Menurut Suwandono dan kawan-kawan dalam Ensiklopedi Wayang Purwa (1991: 265), Batara Kala adalah putra dewa tetapi berwujud raksasa karena terkena kutukan. Batara Kala adalah sosok raksasa jahat yang mengincar nyawa manusia, terutama anak-anak. Diceritakan Batara Kala diam-diam terbang ke surga dan mencuri Tirta Amertasari alias air abadi yang dipercaya bagi siapa saja yang meminum air tersebut akan hidup selamanya.

Namun aksi pencurian tersebut diketahui Batara Surya (Dewa Matahari) dan Batara Candra (Dewa Bulan). Mereka pun melaporkan perbuatan raksasa ini ke Batara Guru, pemimpin para dewa.

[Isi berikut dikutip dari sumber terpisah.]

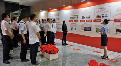 在武鋼博物館一樓大廳,全體黨員面對(duì)鮮紅的黨旗,在莊嚴(yán)的氣氛中重溫入黨誓詞。隨后在講解員的帶領(lǐng)下,全體人員參觀了設(shè)在一樓的中國(guó)共產(chǎn)黨黨簡(jiǎn)史展板,回顧了從1921年到2021年一百年間中國(guó)共產(chǎn)黨在“開(kāi)天辟地”“改天換地”“翻天覆地”“驚天動(dòng)地”四個(gè)階段中的104個(gè)大事記,學(xué)習(xí)了中國(guó)共產(chǎn)黨從誕生、發(fā)展、壯大到建立新中國(guó),以及帶領(lǐng)全國(guó)人民建設(shè)小康社會(huì)波瀾壯闊而燦爛輝煌的革命歷程。
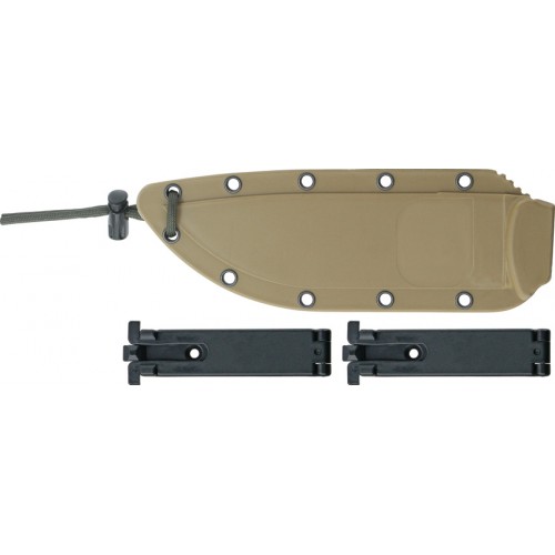 11 3/4" overall. 5 3/4" black finish partially serrated 1095 carbon steel blade with partially sharpened top edge. Full tang. Black linen micarta handles with rounded pommel and lanyard. Black molded sheath with lanyard, cord lock and boot clip with clip plate.
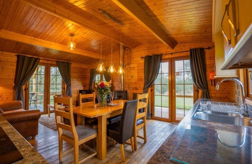 Large three bedroom log cabin with private hot tub and decking over looking the beautiful river Brue. The lodge is fully equipped for self catered holidays, and has three great sized bedrooms, one large main bathroom with toilet and one wet room with toilet. You can sit back and relax with the cosy log burner or spend the evening in the private hot tub. The lodge is located in the grounds of Wall Eden Farm, an ex dairy farm in the heart of Somerset but only minutes from the coast.
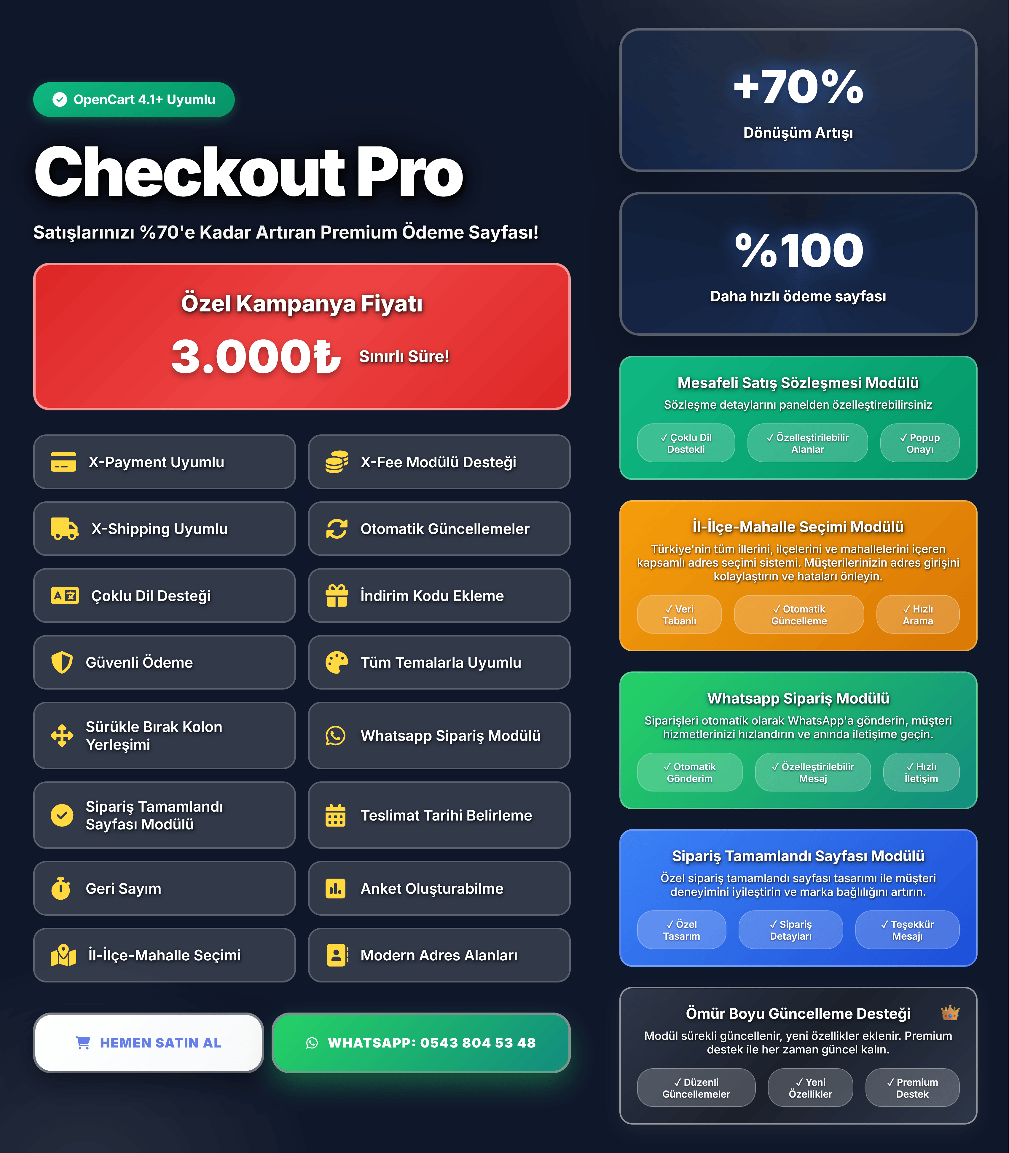 Müşterileriniz tüm ödeme işlemini tek sayfada tamamlar. %70 daha hızlı sipariş, %40 daha fazla satış! Klasik çoklu sayfa sistemine veda edin.
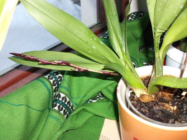Tak jsem cela nadsena....cattleye mi nechtely kvest. Tohle je jeden hybrid, co ani nevim, co je zac ....ale nicmene je to cast rostliny, kterou jsem oddelila pred 2 lety a ma mati ji uspesne jako jedinou pestuje a kvete... :?: :shock:
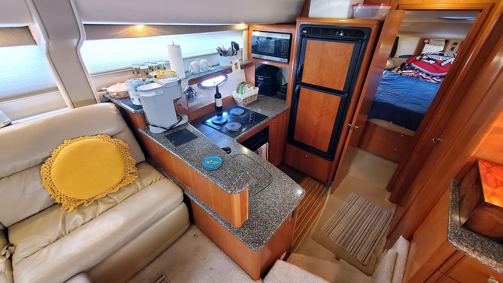 The galley, located forward to port in the main cabin and is fully equipped with an Princess 3-burner electric cook top, Princess Gourmet electric oven, a Frigidaire microwave, a Norcold AC/DC refrigerator/freezer and a stainless steel sink. The Corian style counter tops provide ample workspace, while the vinyl wood plank sole adds a touch of elegance. Additional features include a Keurig coffee maker, toaster, storage cabinets, and in-floor storage space.
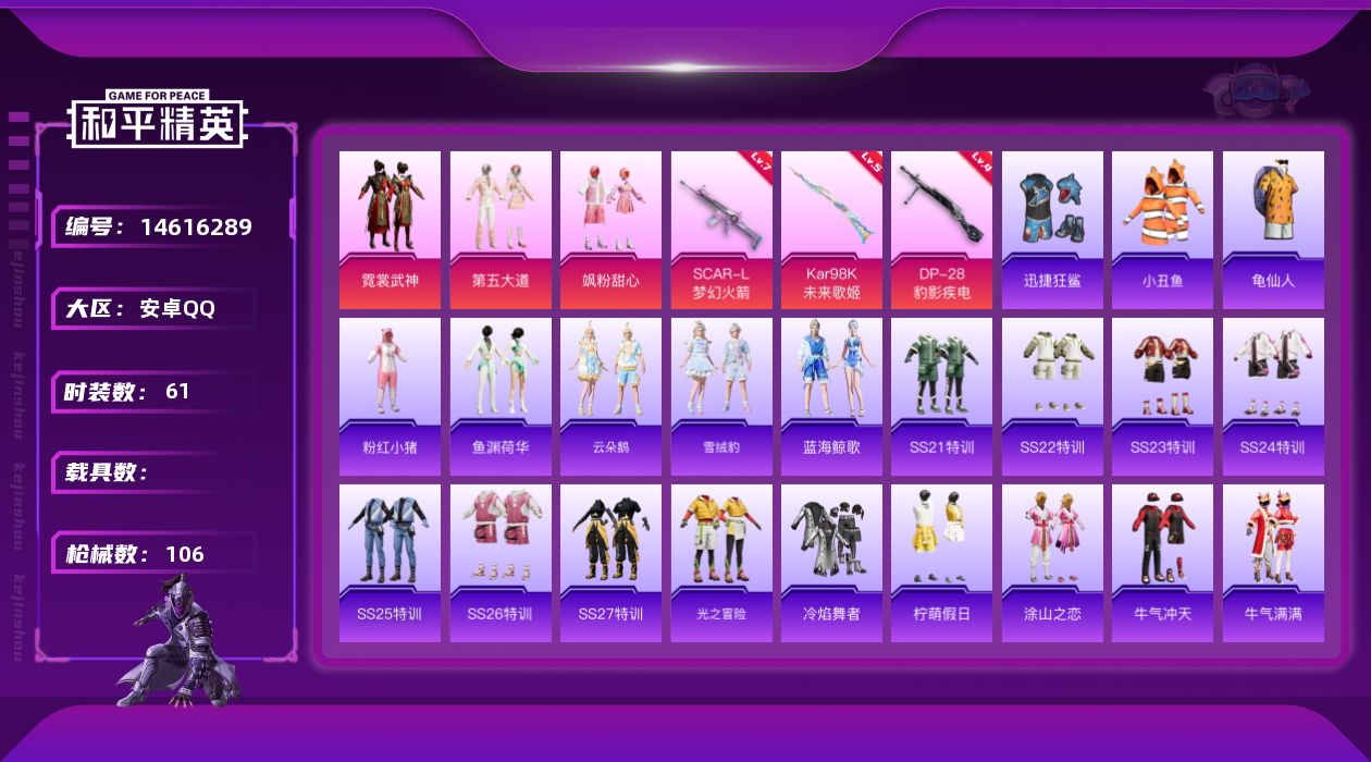 [14616289]【店主推荐捡漏号!可直接换绑】 安卓 手Q-3粉装-3特效枪-1粉色飞行器-2.9w热力值-1王牌印记-61套装-106枪皮【热门品类】:套装-小丑鱼,套装-龟仙人,套装-粉红小猪【粉色套装】:粉装-霓裳武神,粉装-第五大道,粉装-飒粉甜心【粉色枪皮等级】:SCAR-L-梦幻火箭(七级),Kar98K-未来歌姬(五级),DP-28-豹影疾电(四级)【粉色飞行器】:太空嘟嘟飞行器
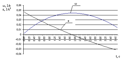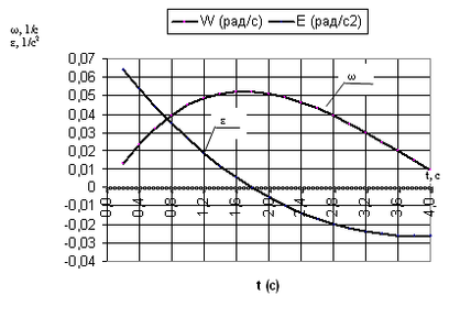 Рис.7. Изменение угловой скорости и углового ускорения во временипродольной оси автомобиля со схемой 1-2-00
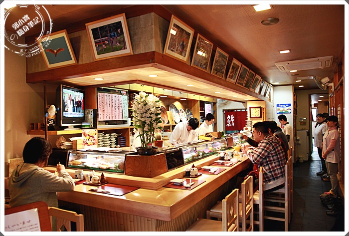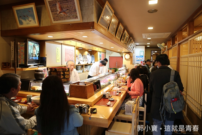 | 板前也是坐了滿滿的人,我本來想坐板前的,但是店家說板前已經滿了,而且有幫我們訂了樓上的包廂,因為我們這次的新潟清酒團大約是10幾個人一起自由行,所以 |
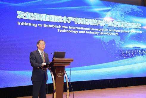 中國水產科學研究院副院長劉英杰介紹發起組建《國際水產養殖科技與產業發展聯盟》倡議
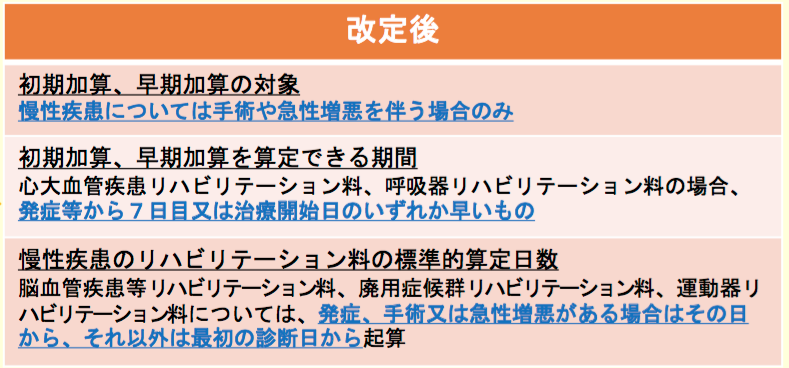 心大血管疾患リハビリテーション料、脳血管疾患等リハビリテーション料、運動器リハビリテーション料、呼吸器リハビリテーション料、廃用症候群リハビリテーション料の算定患者のうち入院中等のもの(急性疾患、手術、及び慢性疾患の急性増悪等の患者に限る。(追加))
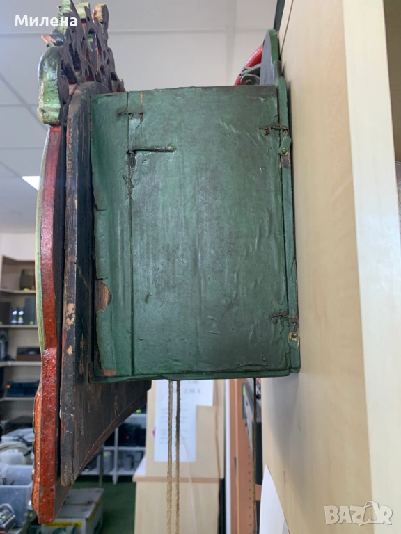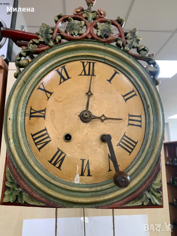 Часовника е с дървена резбована рамка боядисана в червено и зелено.
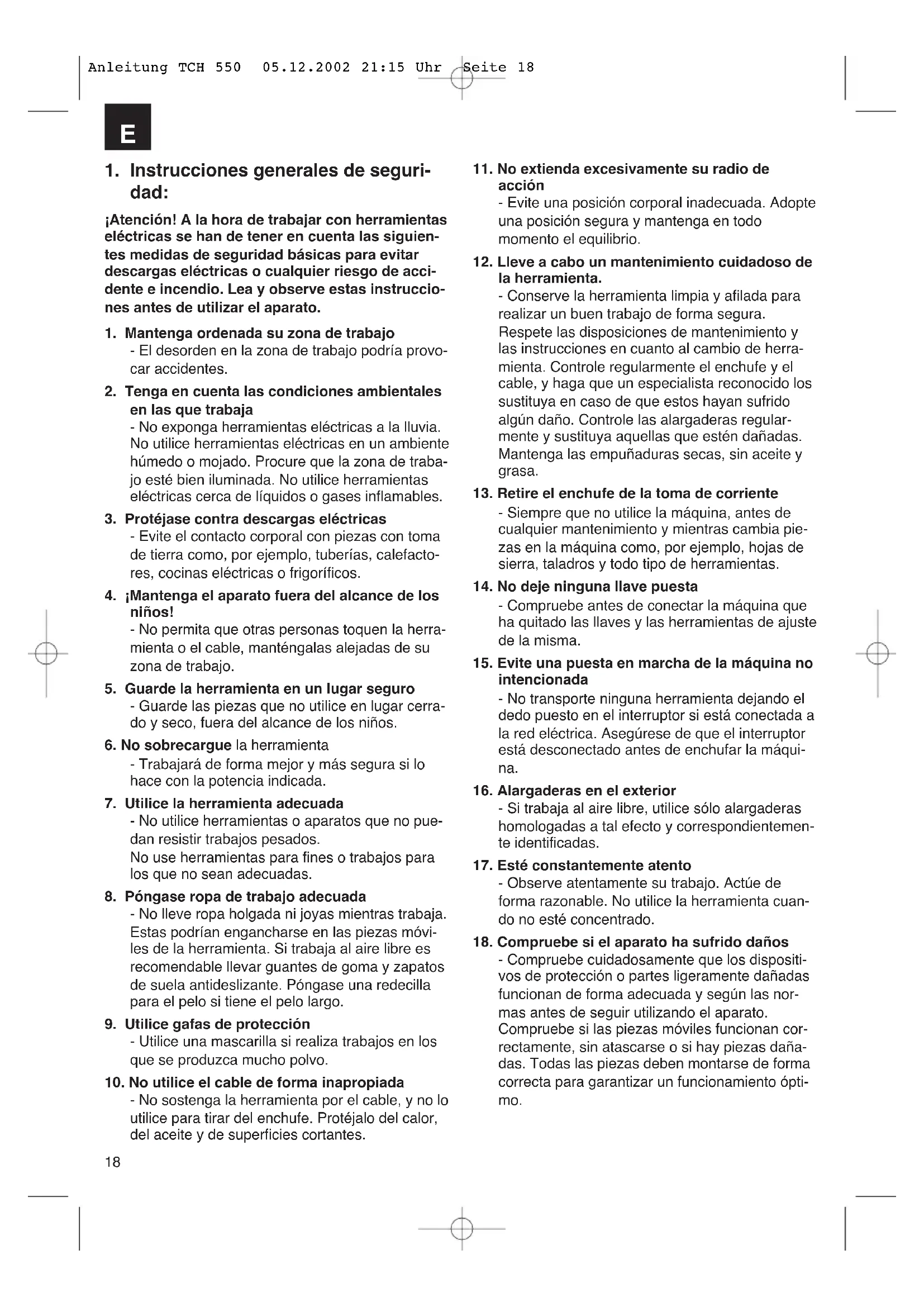 - Compruebe cuidadosamente que los dispositi- vos de protección o partes ligeramente dañadas funcionan de forma adecuada y según las nor- mas antes de seguir utilizando el aparato. Compruebe si las piezas móviles funcionan cor- rectamente, sin atascarse o si hay piezas daña- das. Todas las piezas deben montarse de forma correcta para garantizar un funcionamiento ópti- mo. Anleitung TCH 550 05.12.2002 21:15 Uhr Seite 1819
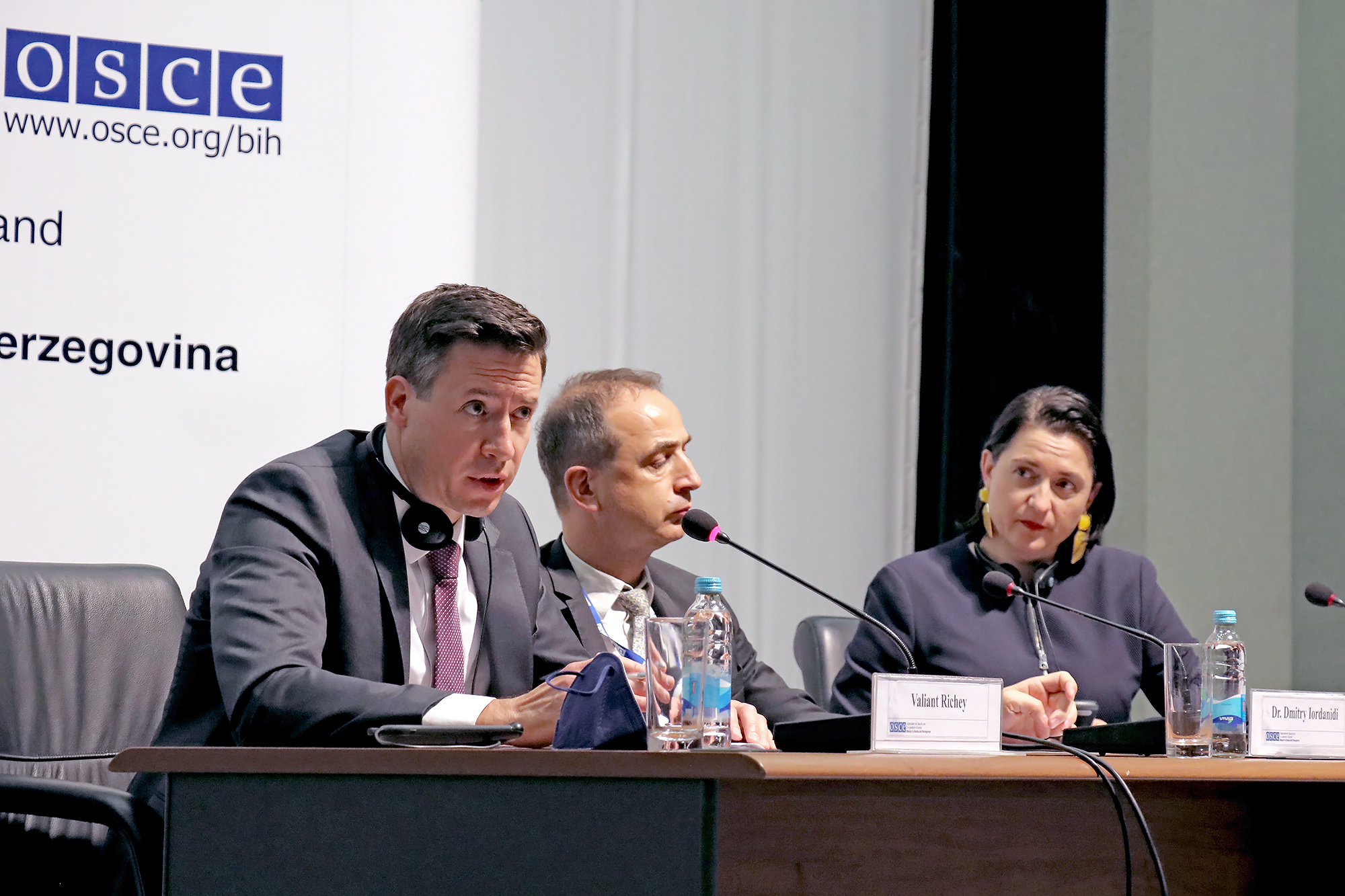 (L-r) Valiant Richey, OSCE Special Representative and Co-ordinator for Combating Trafficking in Human Beings, Dmitry Iordanidi, Deputy Head of the OSCE Mission to Bosnia and Herzegovina and Gudrun Kugler, Vice-Chair of the OSCE Parliamentary Assembly Ad Hoc Committee on Migration addressing media at a press conference in Sarajevo, 14 July 2021
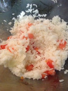 Cook rice according to directions on package. Chop tomato and 1/2 onion into small pieces. In large bowl, mix rice, tomato, onion, garlic, and sour cream.
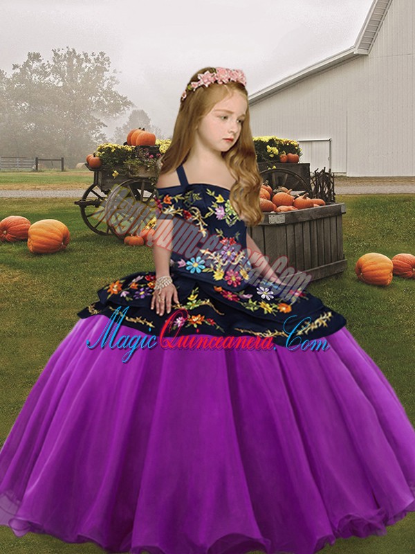 Discount Purple Ball Gowns Organza Straps Sleeveless Embroidery Floor Length Lace Up Girls Pageant Dresses
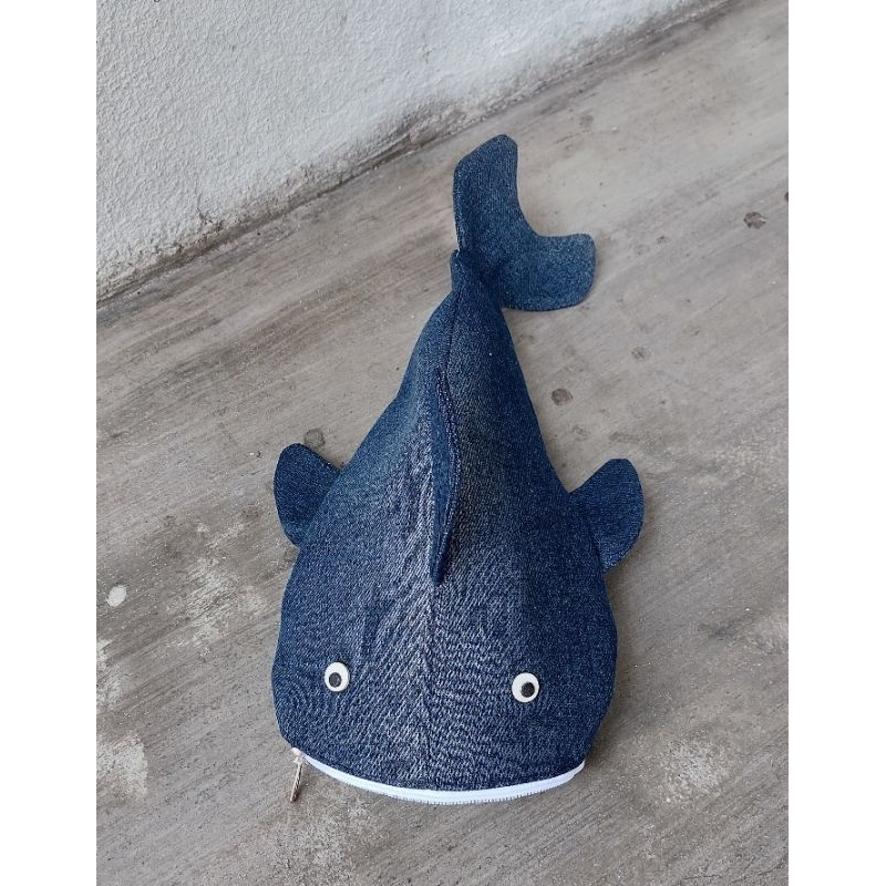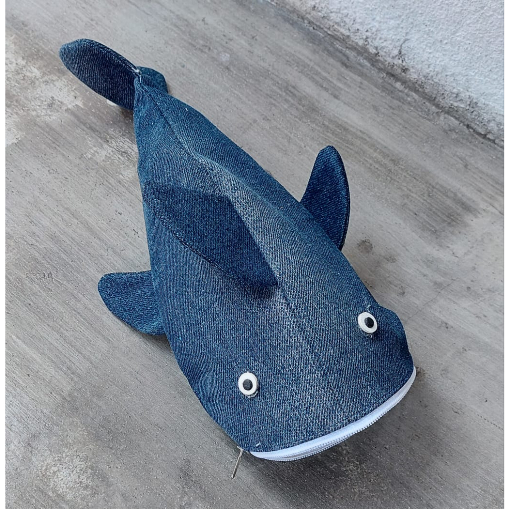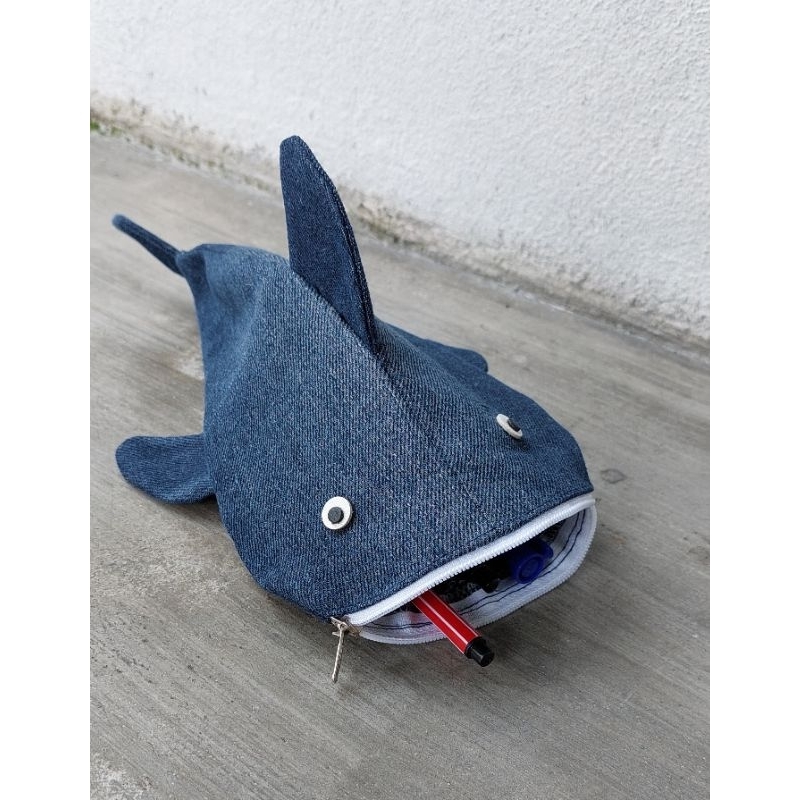 Handmade Denim shark bag, shark pencil case, shark pencil pouch, camo zipper pencil case, shark party gift

BACA JUGA: Cerita Penggusuran Makam-Makam Keramat di Jakarta, Dibongkar Ternyata Isinya Kosong

Belum sempat Tirta Amertasari tertelan oleh Batara Kala, tiba-tiba datang Batara Wisnu (Dewa Pemelihara Alam/Pelindung) yang diutus Batara Guru. Batara Wisnu langsung menebas batang leher Batara Kala.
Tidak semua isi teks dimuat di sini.